**** RECORDS SHOWN

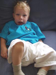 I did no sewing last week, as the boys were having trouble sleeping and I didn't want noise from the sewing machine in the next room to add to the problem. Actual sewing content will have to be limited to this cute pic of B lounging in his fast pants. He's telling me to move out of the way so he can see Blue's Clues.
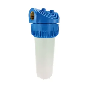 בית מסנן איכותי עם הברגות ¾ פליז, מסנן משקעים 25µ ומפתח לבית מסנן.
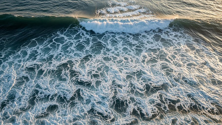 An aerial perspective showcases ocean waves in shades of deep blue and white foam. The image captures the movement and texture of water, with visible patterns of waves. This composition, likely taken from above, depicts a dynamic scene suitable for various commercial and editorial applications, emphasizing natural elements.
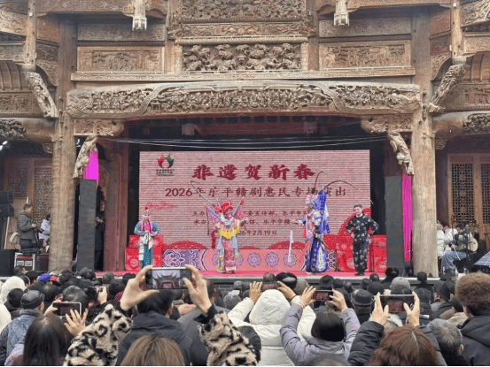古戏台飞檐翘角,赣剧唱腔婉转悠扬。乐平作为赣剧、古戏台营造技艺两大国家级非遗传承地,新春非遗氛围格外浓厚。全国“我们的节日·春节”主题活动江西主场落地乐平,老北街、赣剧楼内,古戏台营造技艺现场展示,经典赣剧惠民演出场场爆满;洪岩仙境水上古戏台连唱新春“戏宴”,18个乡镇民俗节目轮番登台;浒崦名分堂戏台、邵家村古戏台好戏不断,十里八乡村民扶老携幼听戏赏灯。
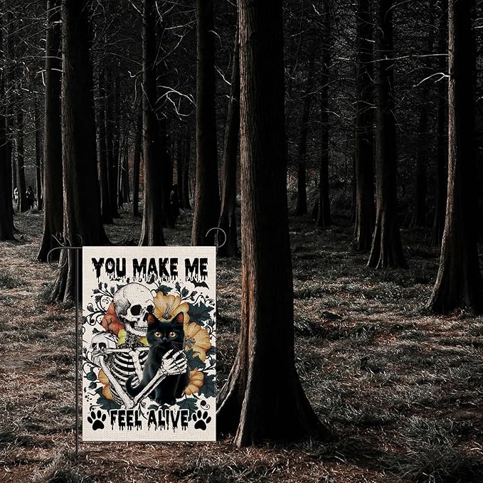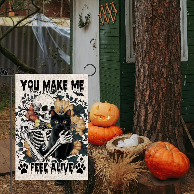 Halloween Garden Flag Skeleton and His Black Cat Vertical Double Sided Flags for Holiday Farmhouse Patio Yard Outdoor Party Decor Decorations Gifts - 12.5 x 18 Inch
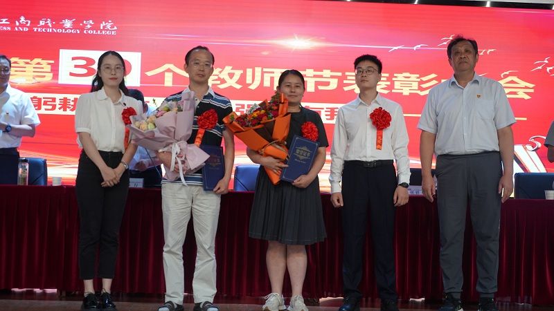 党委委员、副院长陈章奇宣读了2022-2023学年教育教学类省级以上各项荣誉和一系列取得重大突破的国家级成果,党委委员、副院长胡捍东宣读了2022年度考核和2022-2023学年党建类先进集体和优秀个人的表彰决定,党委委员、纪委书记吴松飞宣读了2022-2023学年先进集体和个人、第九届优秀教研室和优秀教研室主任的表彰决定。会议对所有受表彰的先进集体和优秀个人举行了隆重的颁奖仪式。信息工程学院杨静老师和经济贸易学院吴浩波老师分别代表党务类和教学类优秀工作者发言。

********

▶ [TASK ITEM]:
Retype each line of the listing above word for word. Exclude the pictures.

▶ [EXERCISE ANSWER]:
 I did no sewing last week, as the boys were having trouble sleeping and I didn't want noise from the sewing machine in the next room to add to the problem. Actual sewing content will have to be limited to this cute pic of B lounging in his fast pants. He's telling me to move out of the way so he can see Blue's Clues.
 בית מסנן איכותי עם הברגות ¾ פליז, מסנן משקעים 25µ ומפתח לבית מסנן.
 An aerial perspective showcases ocean waves in shades of deep blue and white foam. The image captures the movement and texture of water, with visible patterns of waves. This composition, likely taken from above, depicts a dynamic scene suitable for various commercial and editorial applications, emphasizing natural elements.
古戏台飞檐翘角,赣剧唱腔婉转悠扬。乐平作为赣剧、古戏台营造技艺两大国家级非遗传承地,新春非遗氛围格外浓厚。全国“我们的节日·春节”主题活动江西主场落地乐平,老北街、赣剧楼内,古戏台营造技艺现场展示,经典赣剧惠民演出场场爆满;洪岩仙境水上古戏台连唱新春“戏宴”,18个乡镇民俗节目轮番登台;浒崦名分堂戏台、邵家村古戏台好戏不断,十里八乡村民扶老携幼听戏赏灯。
 Halloween Garden Flag Skeleton and His Black Cat Vertical Double Sided Flags for Holiday Farmhouse Patio Yard Outdoor Party Decor Decorations Gifts - 12.5 x 18 Inch
 党委委员、副院长陈章奇宣读了2022-2023学年教育教学类省级以上各项荣誉和一系列取得重大突破的国家级成果,党委委员、副院长胡捍东宣读了2022年度考核和2022-2023学年党建类先进集体和优秀个人的表彰决定,党委委员、纪委书记吴松飞宣读了2022-2023学年先进集体和个人、第九届优秀教研室和优秀教研室主任的表彰决定。会议对所有受表彰的先进集体和优秀个人举行了隆重的颁奖仪式。信息工程学院杨静老师和经济贸易学院吴浩波老师分别代表党务类和教学类优秀工作者发言。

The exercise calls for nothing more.